## What to produce
Leaving all pictures out, output exactly and only the line containing "Vintage 33.5mm 1960" and the lines that follow it to the end of the material below.

## Raw data
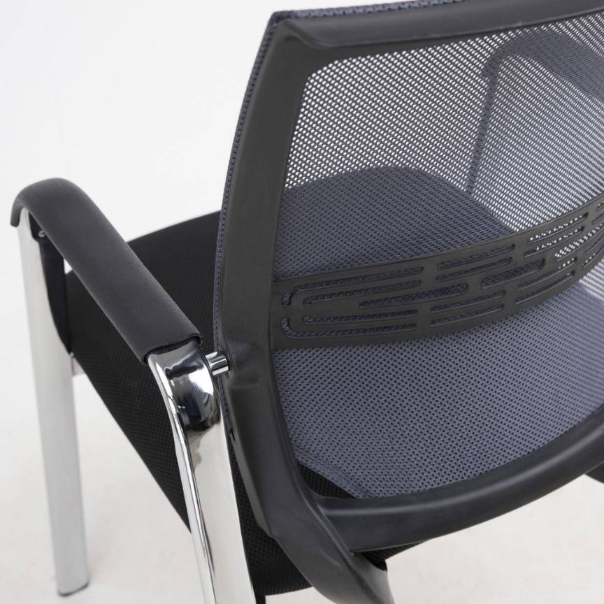 Каркас выполнен из металла, который отличается своей прочностью и надежностью. Спинка стула имеет достаточную высоту, чтобы можно было с комфортом разместиться в нем на длительный промежуток времени. Универсальная расцветка отлично впишется в любой современный интерьер. Подлокотники облегчат процесс посадки и вставания, а также позволят снять нагрузку с рук и плеч во время отдыха и работы.
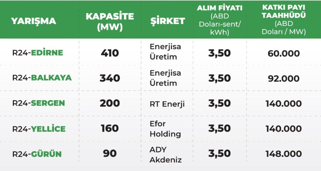 Tüm yarışmalarda daha önce belirlenen kilovatsaat başına 3,50 dolar-sent’lik taban fiyata inilirken yarışmalarda en iyi teklifleri veren şirketler şöyle:
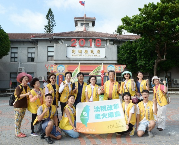 澎湖縣府會、市、鄉、村、里長轄區內所有行政區100%全數參與稅改宣言連署,9月27、28日二天,稅改聖火傳遞澎湖縣政府、議會、馬公市、湖西鄉、白沙鄉、西嶼鄉等地區,總計澎湖地區有1位首長、議會正副議長暨5位議員、2位鄉鎮市區首長、5位代表、28位村、里長、多位貴賓等,迎接稅改聖火或連署稅改宣言,代表澎湖上下同心期盼稅改的心聲。
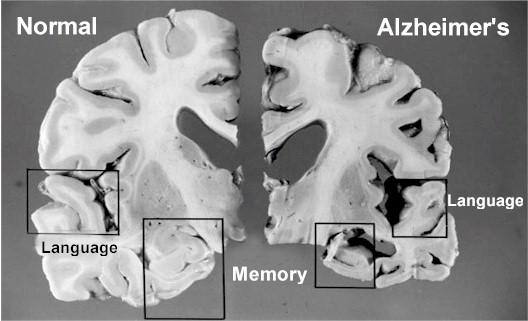 She shared with us a comparison photo of a normal brain and a brain affected by dementia where an apparent change in size can be seen. The altering of the shape is caused by the structural and chemical changes; the brain shrinks from the inside and outside.
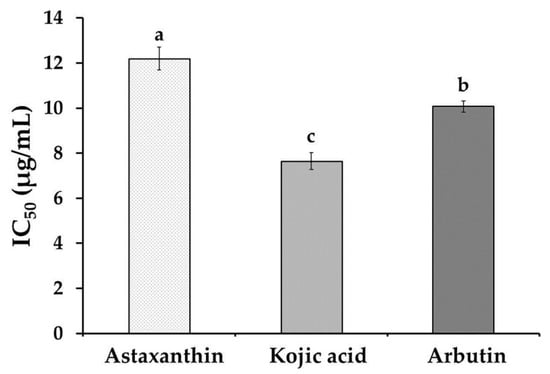 Tyrosinase inhibition activity of astaxanthin extract, kojic acid, and arbutin. Values are expressed as 50% inhibitory concentration (IC50). Letters with different superscripts indicate samples that are significantly different (p < 0.05) from each other.
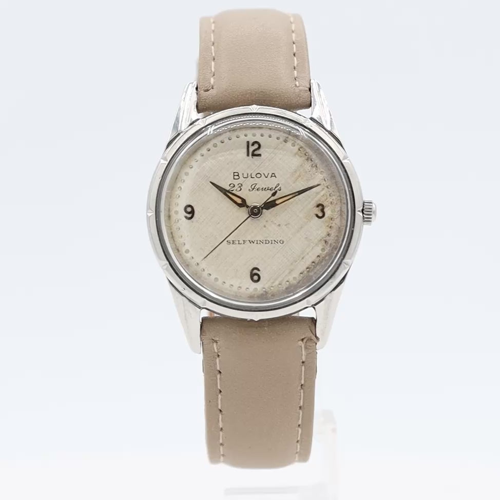Vintage 33.5mm 1960 Bulova Linen Dial 23 Jewel Men's Automatic Wristwatch Steel
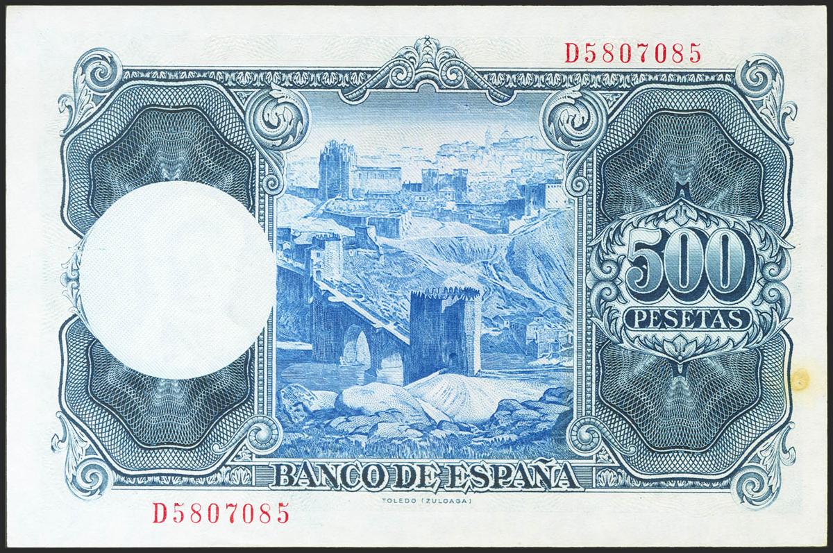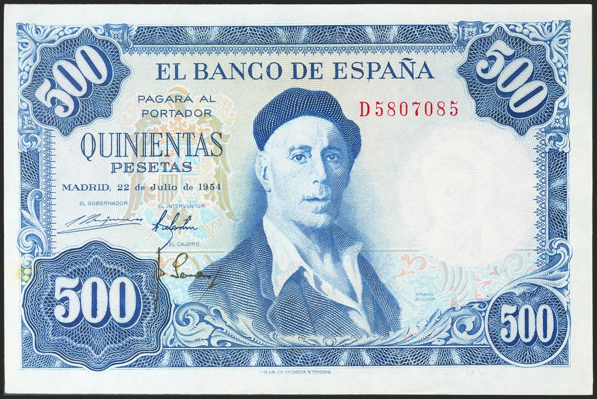 500 Pesetas. 22 de Julio de 1954. Serie D. (Edifil 2021: 468b). Apresto original, puntito del tiempo que coincide con el puntito de una grapa. EBC+.

## Result for this exercise
Vintage 33.5mm 1960 Bulova Linen Dial 23 Jewel Men's Automatic Wristwatch Steel
 500 Pesetas. 22 de Julio de 1954. Serie D. (Edifil 2021: 468b). Apresto original, puntito del tiempo que coincide con el puntito de una grapa. EBC+.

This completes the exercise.